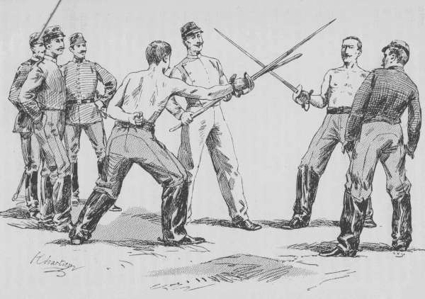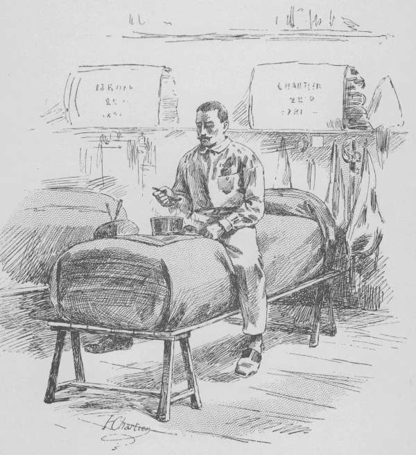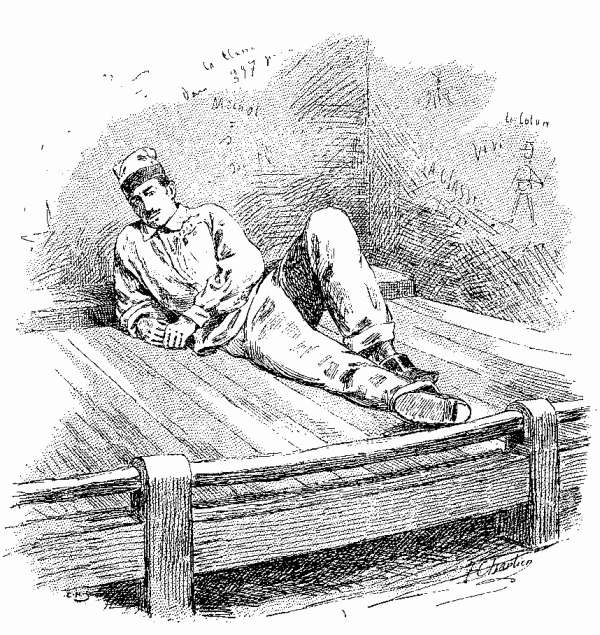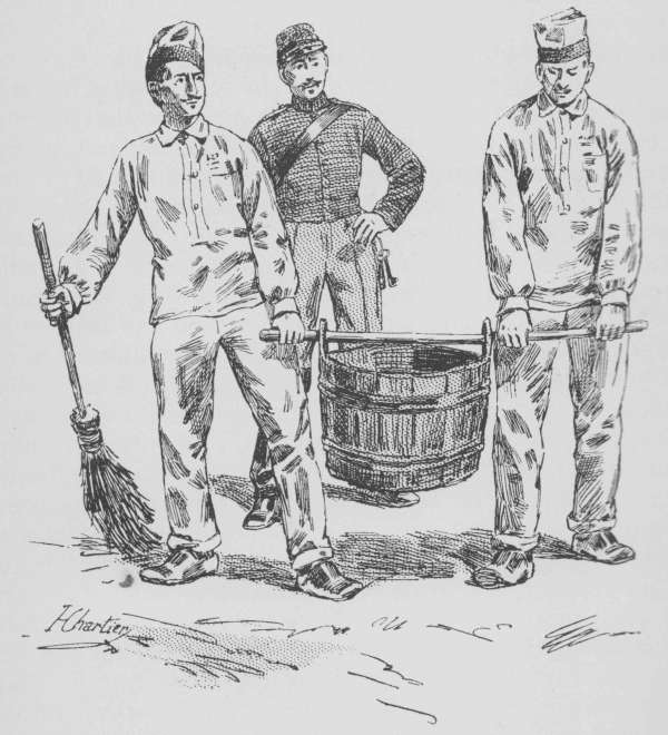 In the case of a nation which possesses no public schools like the great institutions of England, I believe that compulsory military service might be made an excellent moral and physical training for young men in every rank of life. But the French system is vicious. A system in which gentlemen of refinement and the vilest dregs of the city slums are subjected to identical treatment, and ruled by identical measures of discipline, is an impossible one. Take punishments, for instance. "Equality of punishment" may sound well in theory, but in practice it becomes the rankest inequality. A gentleman accustomed to comfort, or perhaps luxury, is for the slightest fault sent to the Salle de Police to endure the degrading horrors presently to be described—his companions are perhaps roughs who have never slept in a bed since they were children, to whom dirt is a mere necessary condition, and vermin are "familiar beasts."
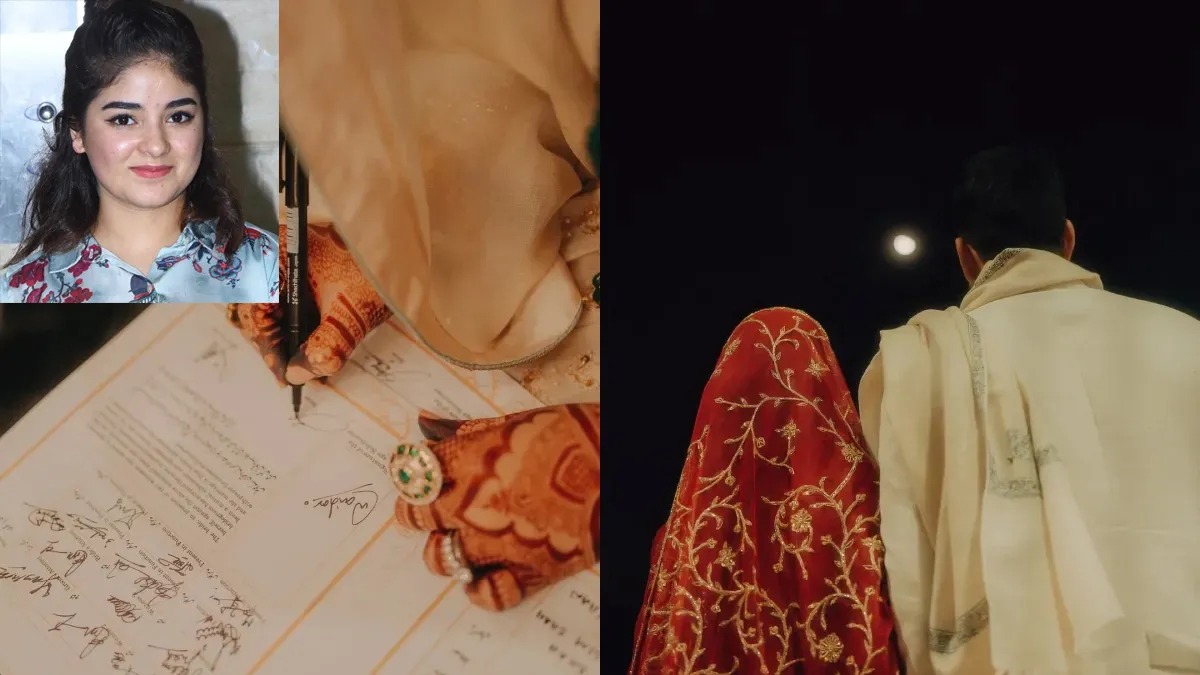 ਜ਼ਾਇਰਾ ਨੇ ਆਪਣੇ ਅਧਿਕਾਰਤ ਇੰਸਟਾਗ੍ਰਾਮ ਹੈਂਡਲ 'ਤੇ ਦੋ ਤਸਵੀਰਾਂ ਅਪਲੋਡ ਕੀਤੀਆਂ, ਜੋ ਵਿਆਹ ਸਮਾਗਮ ਦੀਆਂ ਸਨ। ਪਹਿਲੀ ਤਸਵੀਰ ਵਿੱਚ, ਉਹ ਆਪਣੇ ਹੱਥਾਂ ਵਿੱਚ ਮਹਿੰਦੀ ਡਿਜ਼ਾਈਨ ਅਤੇ ਇੱਕ ਸੁੰਦਰ ਪੰਨੇ ਦੀ ਅੰਗੂਠੀ ਦੇ ਨਾਲ ਨਿਕਾਹਨਾਮੇ 'ਤੇ ਦਸਤਖਤ ਕਰਦੀ ਦਿਖਾਈ ਦਿੱਤੀ।
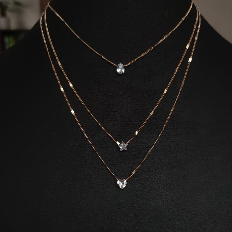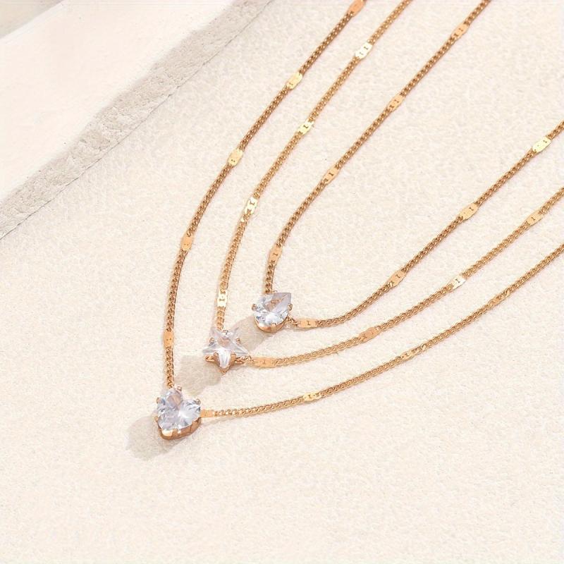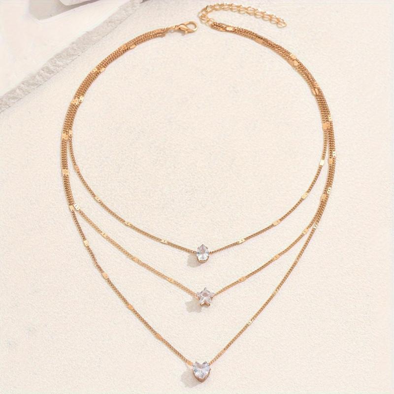 Elevate your outfit with this vintage-inspired layer necklace featuring stunning star, heart, and teardrop rhinestone pendants. Perfect for adding a touch of glamour to any look.
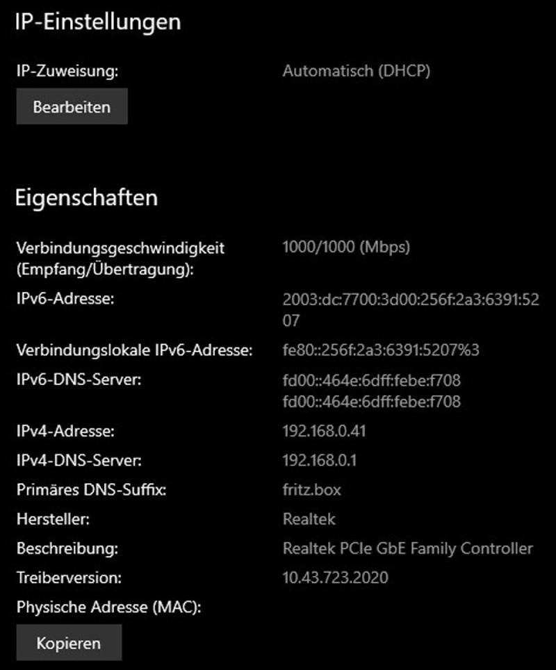 Hier sehen wir, dass der Router, in diesem Fall eine Fritz!Box, IPv4- und IPv6-Adressen an den PC vergeben hat. Diese Zuweisung kommt automatisch, was bei normalen PCs oder Smartphones vollkommen ausreicht.
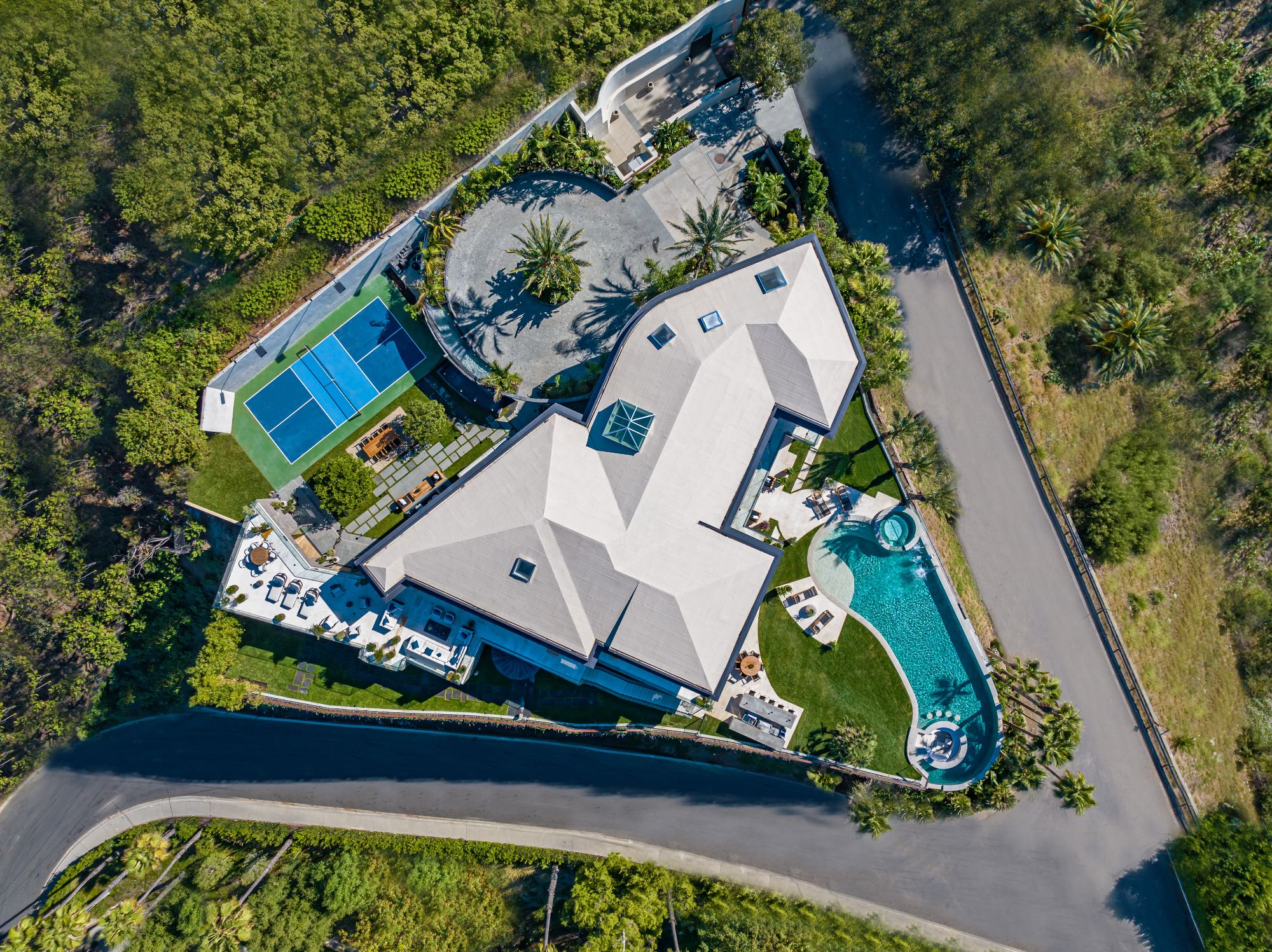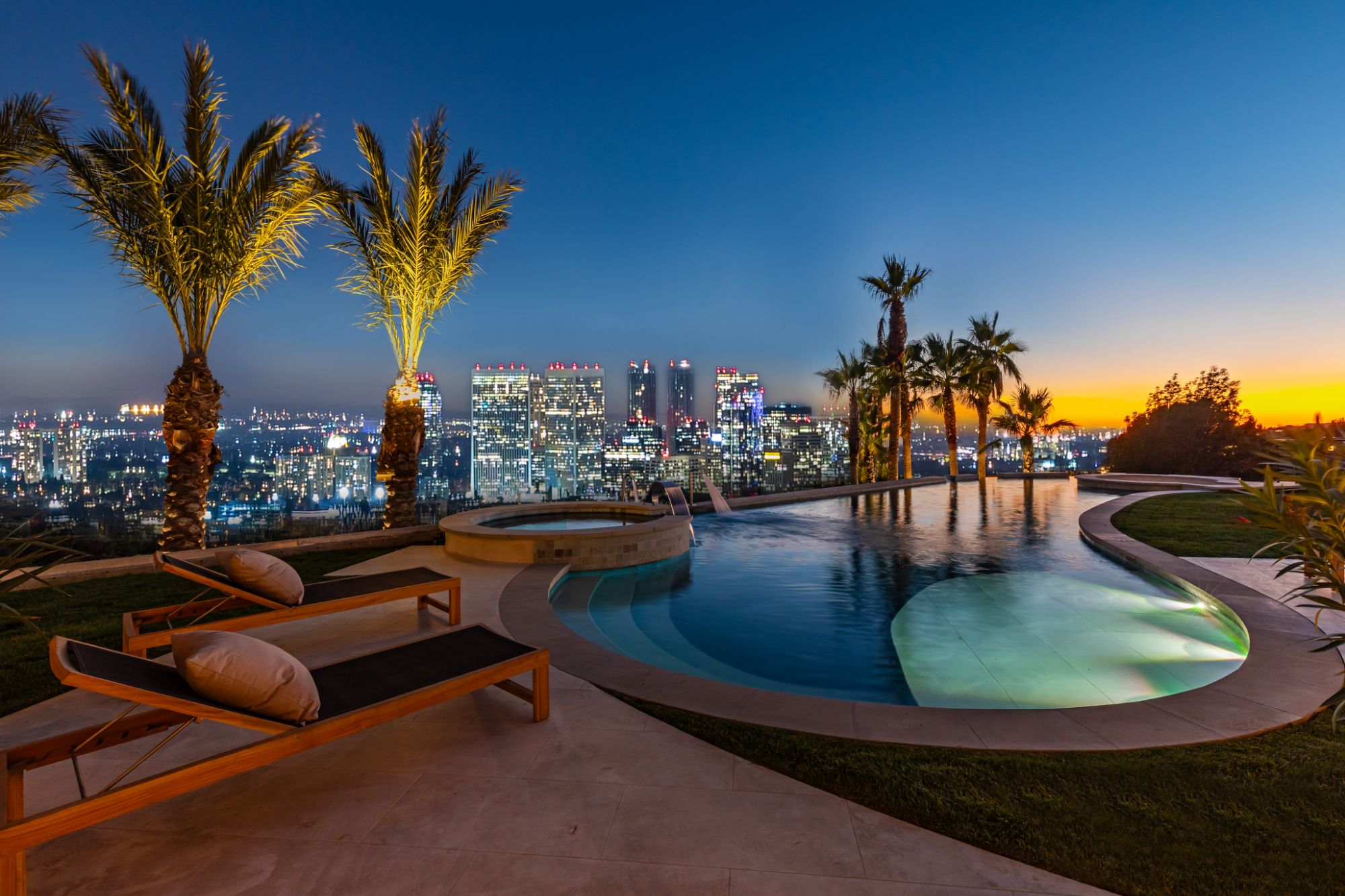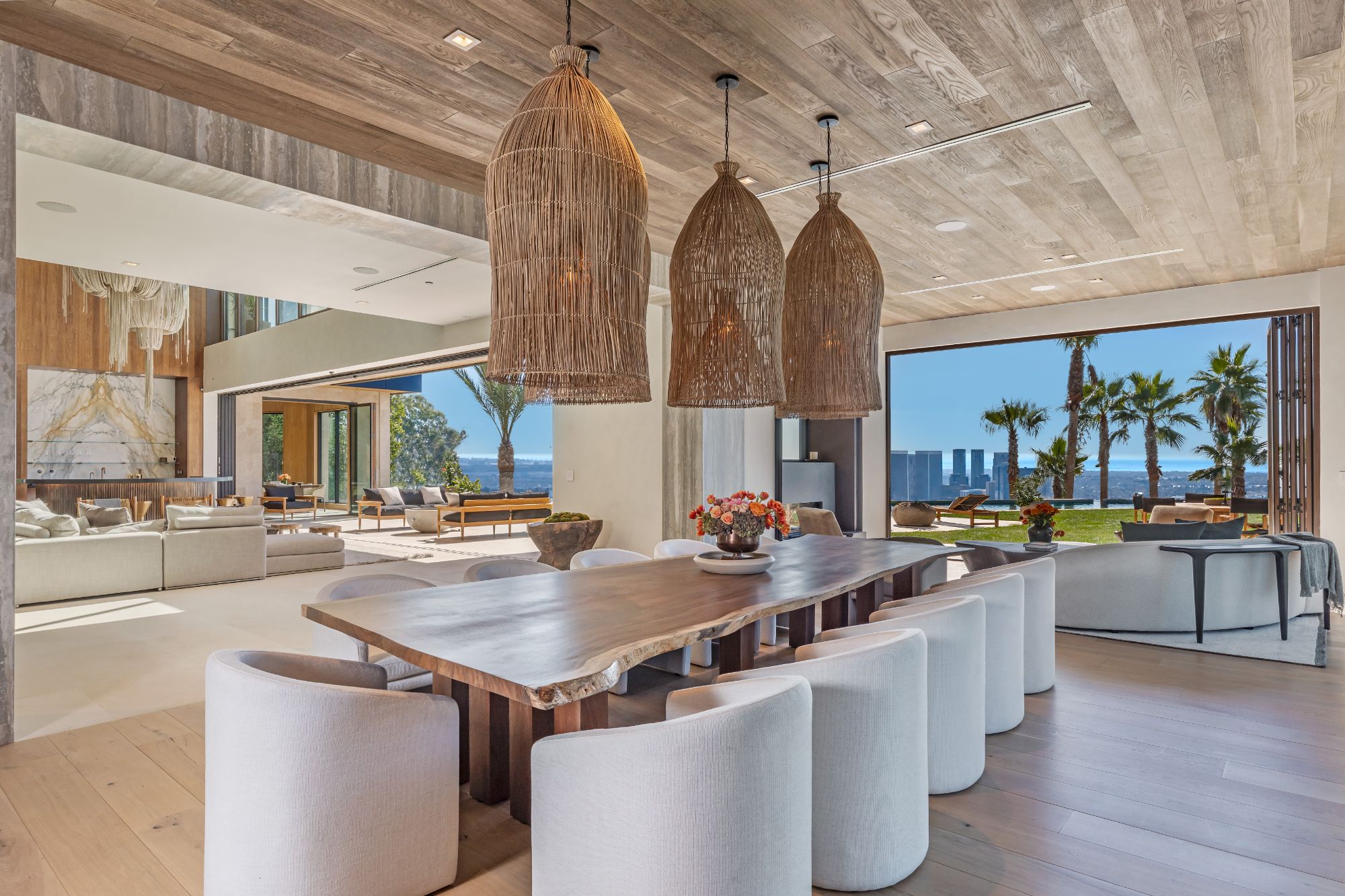 Welcome to Summitridge, the first ultra-luxury private residence Designed by visionary, Richard Heyman. Set on a 24,000 SF flat promontory with panoramic views this stunning 19,000 SF estate offers 7BD, 11BA and features the latest and greatest amenities to create a resort-like experience. A circular drive, surrounded by a waterfall and lush greenery, sets the mood for this Balinese-influenced home. Stones and finishes curated from Bali are used throughout the home to create serene atmosphere. Oversized glass doors slide open for seamless indoor/outdoor living. Enjoy the views from the outdoor oasis with 70 ft pool, spa, sunken seating area with fire pit, large patio area, outdoor kitchen, and lush foliage. Wellness options include a gym and outdoor pickleball court, both with mountain views. Two spacious primary suites with private balconies and fireplaces offer sweeping views. 5 additional bedrooms, including a 2BD, 2BA guest apartment with kitchen and living room, provide plenty of space for family and friends. The lower-level lounge is perfect for entertaining with a full bar, tasting room, 500-bottle tequila display, a 2,000-bottle wine cellar, poker room, and luxurious theater. Additional amenities include a glass elevator and 3,000 SF finished garage. Don’t miss your opportunity to live in this Balinese-inspired paradise set in the heart of Beverly Hills.
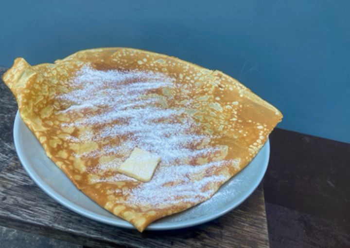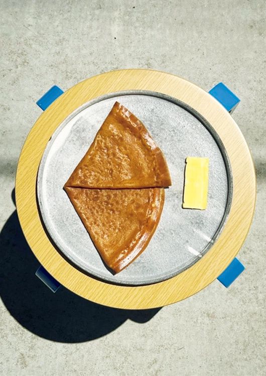 クレープ生地にシュガーやバターなどをのせて食べるシンプルなクレープが話題に。座ってお上品に味わうのがイマドキ。
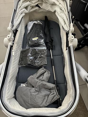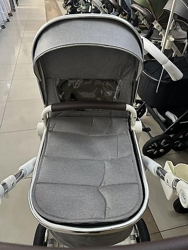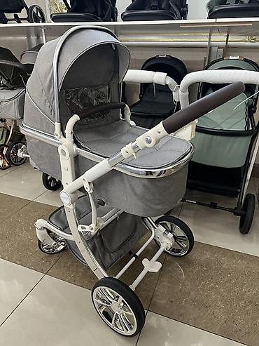 Подходит с рождения. Цвет: серый с белыми и хромированными элементами. Стильный дизайн, удобство в городе и парке.
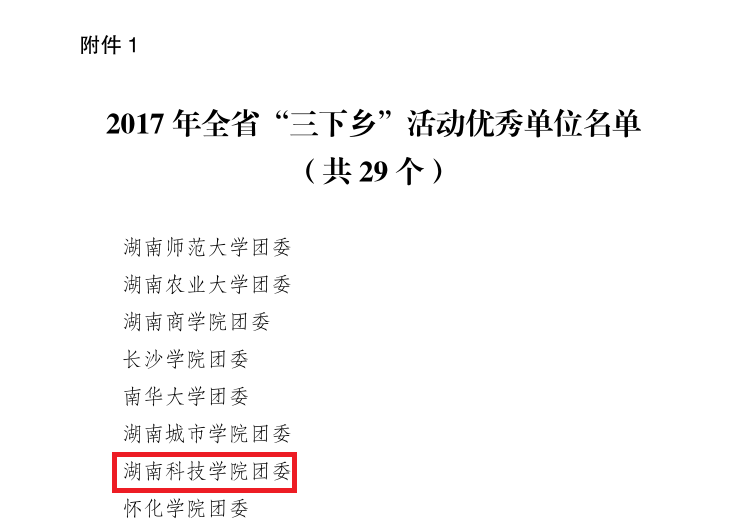 本网讯 近日,省委宣传部、团省委、省教育厅、省文明办、省学联印发《关于2017年全省大中专学生志愿者暑期文化、科技、卫生“三下乡”社会实践活动优秀单位、优秀个人、优秀指导者和优秀服务团队的通报》(湘团联〔2017〕51号),我校荣获2017年全省大中专学生志愿者暑期文化、科技、卫生“三下乡”社会实践活动“优秀单位”称号,土木与环境工程学院“保护古建筑,传承中华文化”实践团获评省“优秀服务团队”,张俭民等5名教师获评“优秀指导者”,郑尚明等8名学生获评“优秀个人”。
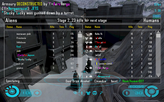 We lost though because of adv tyrants timewarping their way to our RC. Pity hacking shits.
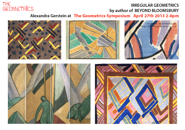 Among many wonderful and inspiring papers being presented on Saturday 27th April 2013 from 2-8pm at The Geometrics Exhibition & Symposium is Alexandra Gerstein’s paper The Free Geometry of Omega Workshops Textiles, 1913-1919.
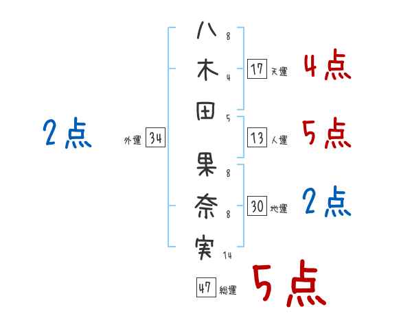 外運![]() | 八木田果奈実さんの外運は34画の2つ星!独創性に優れるが、自尊心が強く災難に注意しましょう。 生活面を象徴する運勢です。外部から受ける影響力を表し、結婚運、家庭運や職場、環境への順応性を表します。 |

> [INSTRUCTIONS FOR THE TASK] The span to retype runs from the line containing "Among many wonderful" through the last line of the listing above, both ends included; copy it exactly, without pictures.

> [REPLY]
 Among many wonderful and inspiring papers being presented on Saturday 27th April 2013 from 2-8pm at The Geometrics Exhibition & Symposium is Alexandra Gerstein’s paper The Free Geometry of Omega Workshops Textiles, 1913-1919.
 外運![]() | 八木田果奈実さんの外運は34画の2つ星!独創性に優れるが、自尊心が強く災難に注意しましょう。 生活面を象徴する運勢です。外部から受ける影響力を表し、結婚運、家庭運や職場、環境への順応性を表します。 |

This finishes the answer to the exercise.